Quand on rapporte les milliers de candidats au baccalauréat qui choisissent une option facultative d’arabe au nombre d’enseignants français formés et qualifiés (en 2018, il n’y aura que trois postes à l’agrégation d’arabe et quatre postes au CAPES !), force est de constater que les élèves concernés apprennent cette langue ailleurs que dans des établissements publics, notamment dans des mosquées ou des centres culturels musulmans. Voilà qui ne facilite guère leur intégration, bien au contraire !
On se souvient de la polémique suscitée, à juste titre, par les ELCO, ces « enseignements de langue et de culture d’origine » que Najat Vallaud-Belkacem défendait bec et ongles à l’école primaire. Prenant appui sur une directive européenne du 25 juillet 1977, ils visaient à apprendre aux enfants des travailleurs migrants leur langue maternelle, en vue d’un retour dans leur pays d’origine. Aujourd’hui, on est bien éloigné de cet objectif.
En 2013, un rapport du Haut Conseil à l’intégration (HCI) soulignait les dérives possibles de ces enseignements, « susceptibles de renforcer les références communautaires », ajoutant que certains cours dispensés dans ce cadre s’apparentaient à des « catéchismes islamiques ». Ce rapport encombrant fut oublié dans les tiroirs ministériels. Or, si l’on admet, comme le définit l’article 2 de la Constitution, que « la langue de la République est le français », il est évident que la maîtrise de la langue française est fondamentale pour la cohésion du pays.
Mais le désintérêt des autorités publiques pour l’enseignement de l’arabe au collège et au lycée pose aussi un problème.
L’arabe est une grande langue internationale, la quatrième langue la plus parlée dans le monde.
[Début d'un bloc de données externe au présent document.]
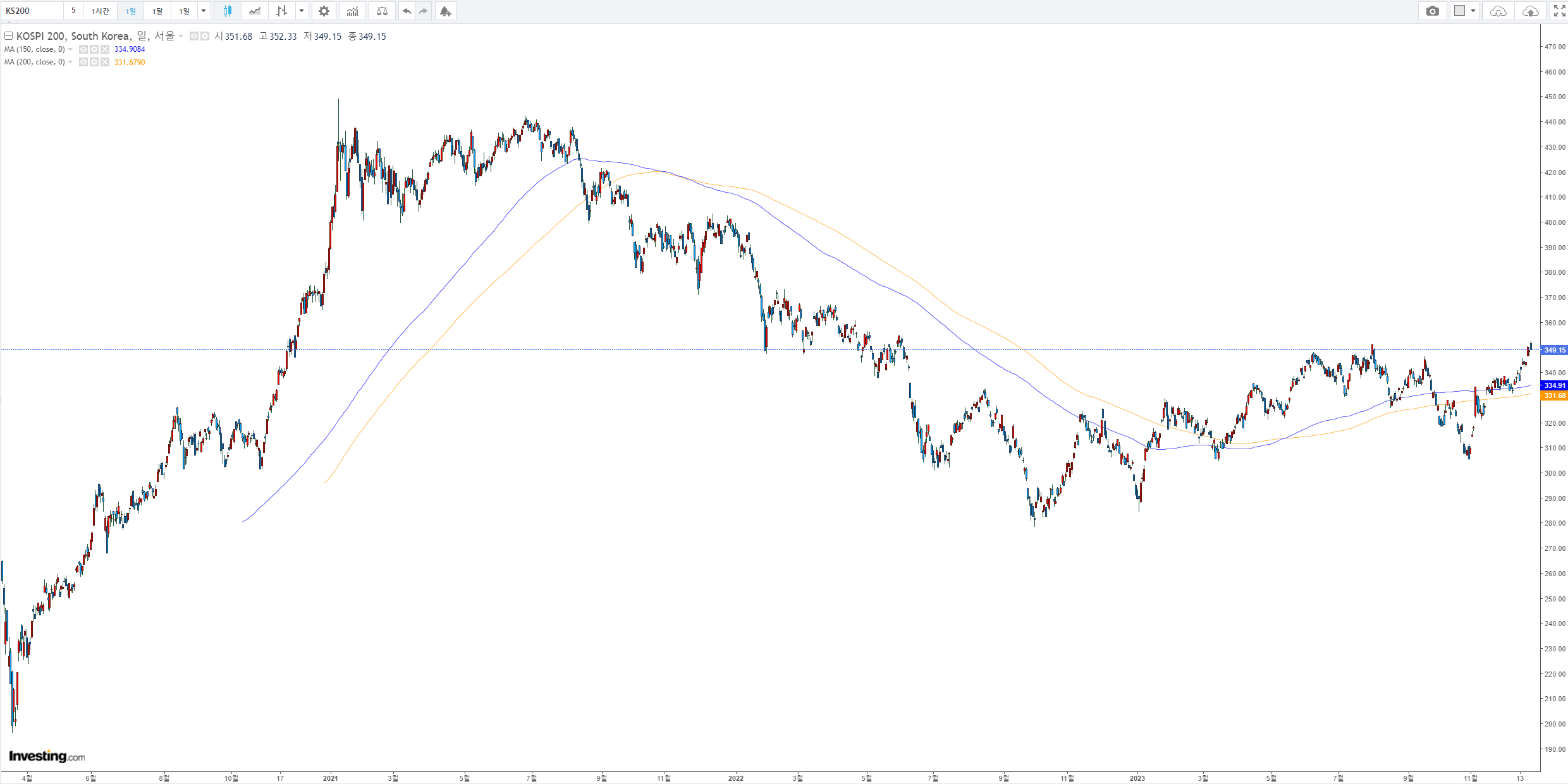 3. 코스피 200, 코스닥 150 : 코스피의 흐름이 더 기대되는 차트. 코스닥의 상방에는 상당한 매물벽이 존재한다. 코스닥 지수적으로 큰 상승보다는 기존 주도주는 횡보하거나 흐르고, 새로운 주도주가 나오면서 지수의 상방은 막힐 것으로 예상해 본다. 반대로 코스피는 2,600pt를 돌파하면 코스닥에 비해 상방은 조금 더 가볍게 열려있을 것으로 기대.

De plus, nous partageons avec les peuples arabophones un passé historique, notamment autour de la Méditerranée. L’absence d’une politique publique en la matière est une erreur : non seulement parce qu’elle fait fi de données géopolitiques et économiques, mais surtout parce qu’elle renforce la sous-traitance de l’enseignement de l’arabe, ce qui l’enferme dans une logique identitaire et communautaire.
Il y aurait pourtant beaucoup d’avantages à faire enseigner l’arabe par des professeurs de l’enseignement public. Cela mettrait cette langue au même niveau que les autres langues vivantes et réduirait son caractère identitaire. La République a tout intérêt à contrôler cet enseignement, à former ses professeurs, à les recruter en nombre suffisant par des concours exigeants si elle ne veut pas le laisser aux mains de prétendus enseignants qui confondent trop souvent l’apprentissage de l’arabe et l’endoctrinement islamique.
L’arabe deviendrait ainsi une langue importante, au même titre que l’anglais, l’espagnol ou l’allemand. En ne traitant pas l’arabe comme une langue vivante normale, nos dirigeants favorisent l’essor du communautarisme. Ils en font une langue identitaire au lieu d’en faire une langue internationale.
On pourrait faire un constat similaire sur l’enseignement du russe, du portugais ou du chinois, pourtant beaucoup parlés dans le monde. À une différence près, cependant, et de taille : ces langues ne sont pas devenues l’expression du communautarisme. Mais l’influence anglo-saxonne est telle que nos dirigeants estiment qu’en dehors de l’anglais, il n’y a point de salut.
Paradoxalement, la pénurie de professeurs d’arabe fait le lit du communautarisme.